Should I Run A Space Heater Or Central Heat?

Nov 10, 2017Blog, Heating

When you live in a place where cold winters are a natural part of life, you need a way to warm up your living space. Two of the most well-known heating options include central heaters and space heaters.

In theory, a space heater may sound like a more practical option, especially for homeowners. But is it really? Read on to learn more about these two types of heaters and when it is more practical to use one type over the other.

Central Heating

According to data released by the US Department of Energy, half of a home’s energy bill goes into heating and cooling. In the US, the temperature in a home is controlled through the use of a central heating system. Gas and electricity are some of the more common power sources. However, it is also possible to find regions where the central heating unit is fueled by burning coal, wood or even oil. Within this group, it is the systems that run on electricity that cost the most to run and use.

When fuels such as natural gas and coal are used to generate electricity, these types of heating units are also considered the least efficient. When converting the energy from fuel to electricity, 70 percent of that energy is wasted. Even more energy is lost while it is moving through parts of your house. Electrical systems are also the least eco-friendly options as they leave a huge carbon footprint.

On the other hand, gas-fired systems are the most efficient with rates ranging between 85 percent and 97 percent. This is followed by systems that operate on oil- and coal-fired types. The efficiency levels for these two systems are 80 percent to 89 percent and 45 percent to 60 percent, respectively.

Space Heaters

As compared to central heating units, these types of heating devices are smaller and more portable. Space heaters may lack heat transfer ducts but they can run on the same energy sources as central heaters.

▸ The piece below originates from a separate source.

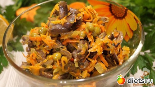 Куриные сердечки отварить на резать на 4 части. Лук обжарим с морковью. Смешаем куриные сердечки, лук с морковью, горошек, приправы.

Of the different types of space heaters, models that rely on combustion are the least eco-friendly and most dangerous to use. Combustion heaters have the highest risk of causing fires in homes. Plus, the combustion process also releases hazardous types of gases into the air which adds to the danger of using these types of space heaters.

Homeowners are advised to have fire detectors installed in areas where the space heaters will be placed and used. Look for space heaters that can turn off when the unit accidentally fails. You should also avoid plugging in a space heater into an extension cord. Space heaters normally use around 1500 watts. By using an extension cord, you are placing a huge load on a single socket.

When it comes to efficiency rates, electric space heaters that produce radiant heat are the most efficient types. These types radiate heat along their line of sight. They are good options for warming up small spaces such as a dinner table.

There are also convection heaters. These types of space heaters function by warming up the air in the room. Both convection and radiant heaters fall under the same price range.

Central Heat vs Space Heaters

Some people buy or use space heaters thinking that these would help bring down their energy costs. They are indeed useful devices, but they are not a practical option in every situation.

There are several factors to consider when it comes to picking between space heaters and a central heating system. One involves the size of the space being warmed up.

If you only need to warm up one or two rooms in your home, a space heater may be a more practical choice. Space heaters do use less energy as compared to using central heat. However, they are not as efficient as space heaters. As such, having a space heater in every room in the home and turning them all on at the same will only cost you more, not less.

When you purchased your heater is also a factor. Newer models are designed to be more energy-efficient than older ones. If you find that your central heating system is no longer producing the same warmth as it used to, have it checked for possible issues or consider having your heater replaced.

Other Considerations

Another factor to consider is the state of your home. Cracks on the walls, the quality of the insulation, and even the type of doors and windows you have in your home can cause heat to escape. These issues can cause your heater to work harder. As a result, your heating bills will also go up.

Before winter comes, have your home checked and weatherized properly. This ensures that all the heat from your heater stays in the space and does not seep through gaps or cracks. Contact your local HVAC technician to have your heater checked out. The heater in your home may need to be cleaned, repaired or replaced. In case you do need to buy a heater, you can ask your technician for advice on how to choose the right type for your home.